▶ [What the task asks]: Starting with the line that has "Браслет из натурального" in the records below and ending with the line that has "狐狸毛领羽绒皮毛一体牛仔派克服大衣外套2021冬季...", output those lines exactly and nothing more; omit the pictures.

▶ [Data provided]:
*** Block opens ***

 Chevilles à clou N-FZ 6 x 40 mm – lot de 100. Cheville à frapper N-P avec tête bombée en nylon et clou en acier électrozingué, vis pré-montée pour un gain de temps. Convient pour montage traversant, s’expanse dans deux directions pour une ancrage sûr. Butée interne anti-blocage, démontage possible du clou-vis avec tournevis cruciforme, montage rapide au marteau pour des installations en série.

*** Block closes ***
*** Block opens ***

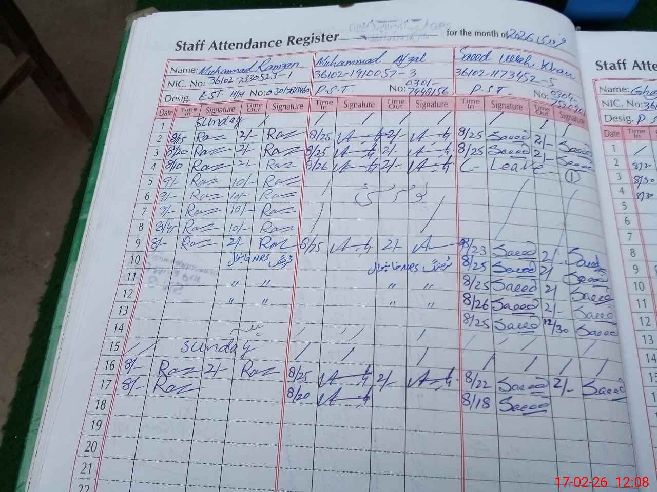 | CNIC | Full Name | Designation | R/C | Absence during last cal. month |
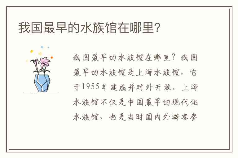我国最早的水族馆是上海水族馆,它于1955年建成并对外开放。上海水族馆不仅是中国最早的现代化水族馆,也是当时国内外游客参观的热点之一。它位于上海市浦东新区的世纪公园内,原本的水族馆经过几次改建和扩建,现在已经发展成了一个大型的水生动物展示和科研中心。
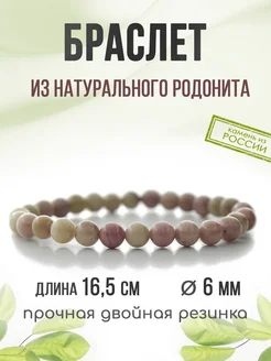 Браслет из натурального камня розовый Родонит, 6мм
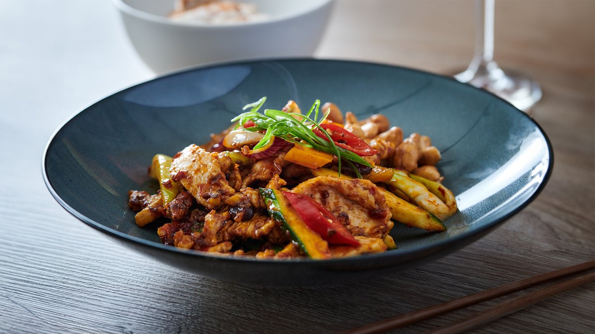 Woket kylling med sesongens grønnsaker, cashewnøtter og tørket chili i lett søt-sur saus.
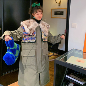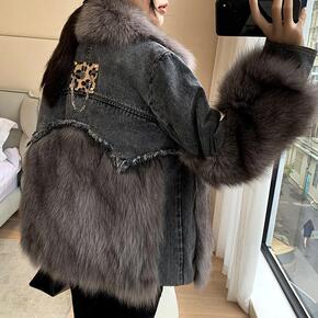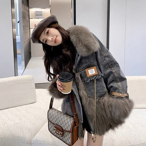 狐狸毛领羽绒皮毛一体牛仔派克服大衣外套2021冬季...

*** Block closes ***

▶ [Answer to this exercise]:
 Браслет из натурального камня розовый Родонит, 6мм
 Woket kylling med sesongens grønnsaker, cashewnøtter og tørket chili i lett søt-sur saus.
 狐狸毛领羽绒皮毛一体牛仔派克服大衣外套2021冬季...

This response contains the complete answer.